Restate word for word the section of the entries that opens at the line containing "QB Donovan McNabb" and closes at the line containing "Paired with a", both lines kept, pictures dropped.

- **SOURCE RECORDS**
● ● ● ● ● ● ●
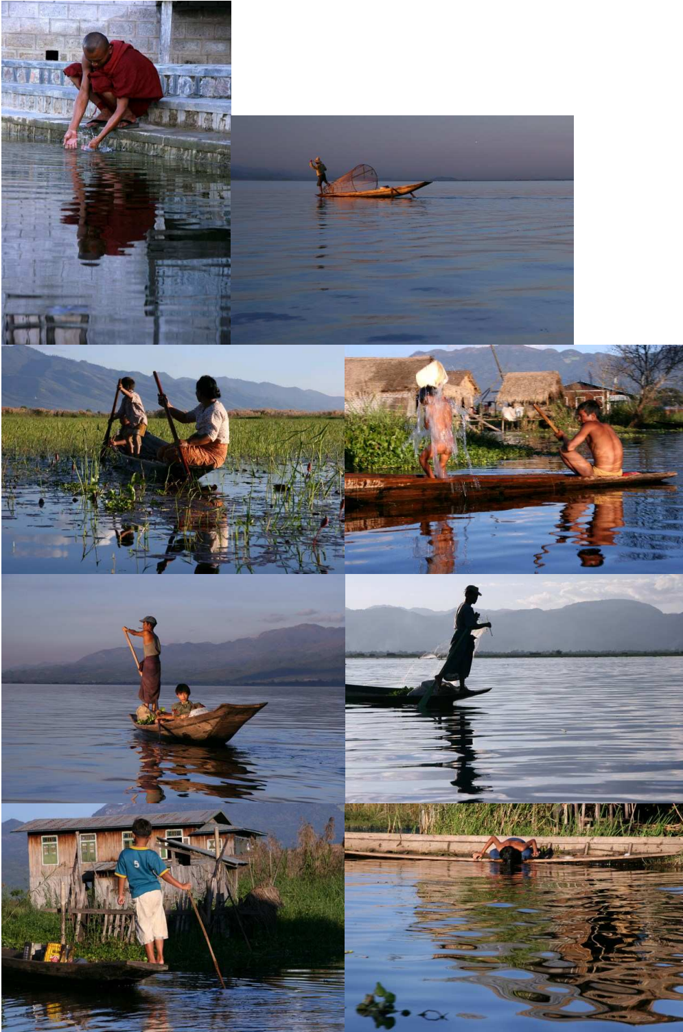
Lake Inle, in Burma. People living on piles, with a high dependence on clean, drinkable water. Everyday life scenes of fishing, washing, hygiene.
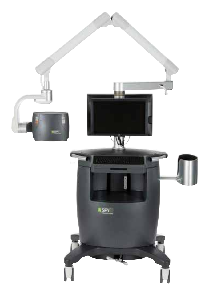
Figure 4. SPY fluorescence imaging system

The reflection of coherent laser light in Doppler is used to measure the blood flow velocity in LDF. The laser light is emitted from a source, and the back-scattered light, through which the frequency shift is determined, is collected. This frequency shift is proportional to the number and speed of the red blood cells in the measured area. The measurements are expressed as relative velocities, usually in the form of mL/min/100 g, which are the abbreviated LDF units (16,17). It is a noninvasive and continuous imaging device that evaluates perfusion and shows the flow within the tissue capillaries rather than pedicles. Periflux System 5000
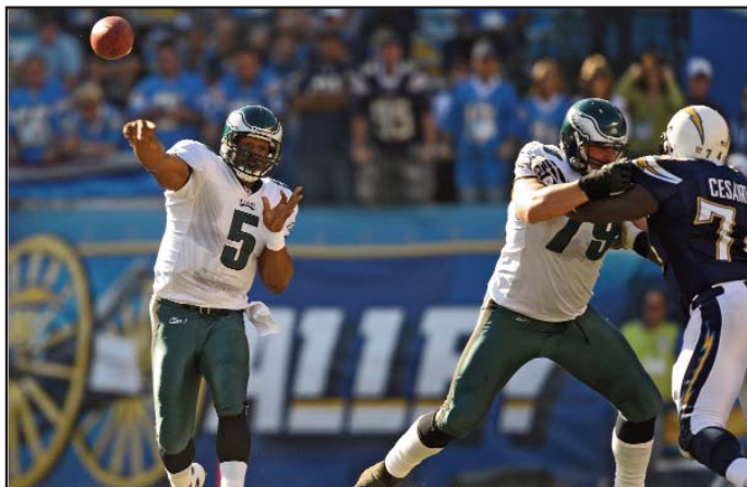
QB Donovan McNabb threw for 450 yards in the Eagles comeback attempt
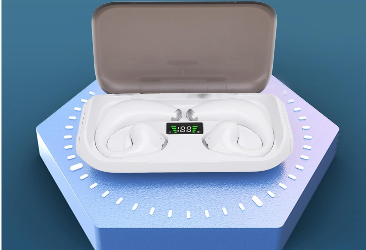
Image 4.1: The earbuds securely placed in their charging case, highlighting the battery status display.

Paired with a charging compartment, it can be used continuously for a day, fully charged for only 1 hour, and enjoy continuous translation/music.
● ● ● ● ● ● ●
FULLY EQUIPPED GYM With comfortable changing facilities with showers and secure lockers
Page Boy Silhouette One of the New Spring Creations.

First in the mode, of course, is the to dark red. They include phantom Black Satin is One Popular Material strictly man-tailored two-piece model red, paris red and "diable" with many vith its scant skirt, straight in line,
● ● ● ● ● ● ●
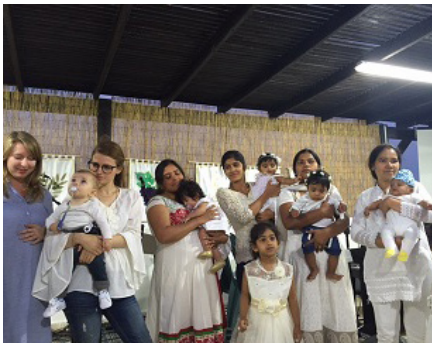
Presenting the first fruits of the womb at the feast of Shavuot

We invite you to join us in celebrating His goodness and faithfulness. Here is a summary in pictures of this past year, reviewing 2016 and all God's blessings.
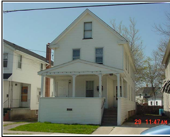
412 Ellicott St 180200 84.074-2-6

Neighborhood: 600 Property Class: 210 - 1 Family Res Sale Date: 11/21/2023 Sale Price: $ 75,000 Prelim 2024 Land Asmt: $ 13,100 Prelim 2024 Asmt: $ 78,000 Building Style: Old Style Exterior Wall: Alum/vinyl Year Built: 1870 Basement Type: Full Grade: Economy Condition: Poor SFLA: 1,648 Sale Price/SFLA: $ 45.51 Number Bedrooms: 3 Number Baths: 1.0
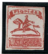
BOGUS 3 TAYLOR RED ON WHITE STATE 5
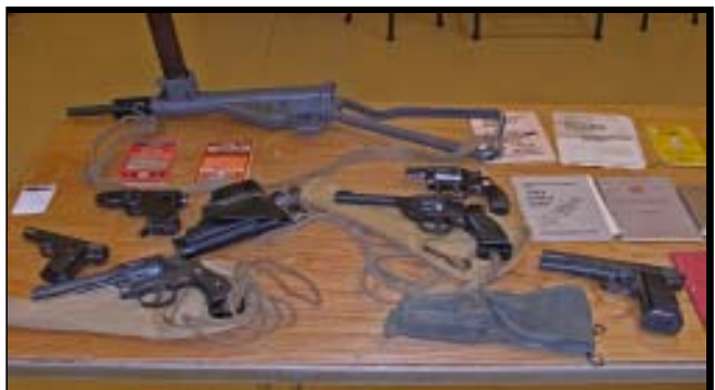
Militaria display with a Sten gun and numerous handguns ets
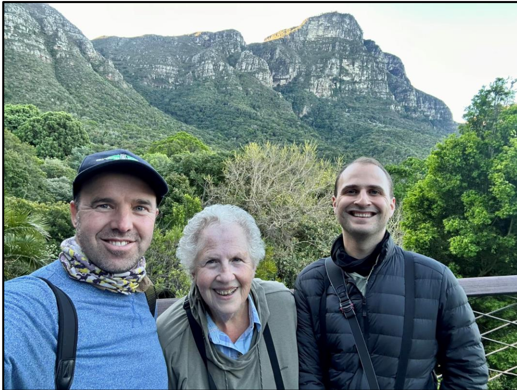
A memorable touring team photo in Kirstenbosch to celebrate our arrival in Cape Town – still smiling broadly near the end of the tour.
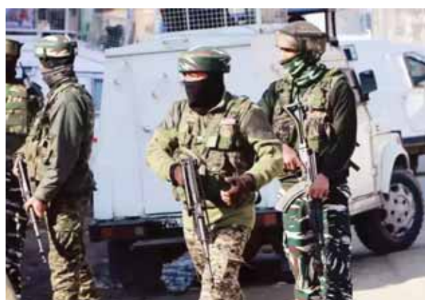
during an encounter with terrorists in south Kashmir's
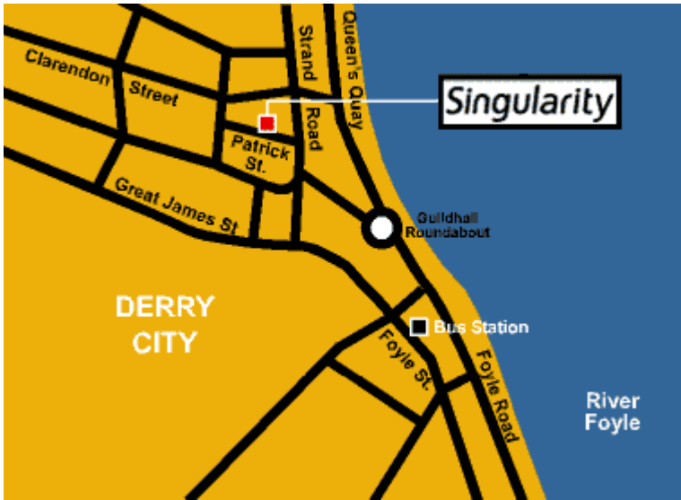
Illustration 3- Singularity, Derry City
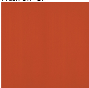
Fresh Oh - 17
● ● ● ● ● ● ●
- **YOUR RESPONSE**
QB Donovan McNabb threw for 450 yards in the Eagles comeback attempt
Image 4.1: The earbuds securely placed in their charging case, highlighting the battery status display.

Paired with a charging compartment, it can be used continuously for a day, fully charged for only 1 hour, and enjoy continuous translation/music.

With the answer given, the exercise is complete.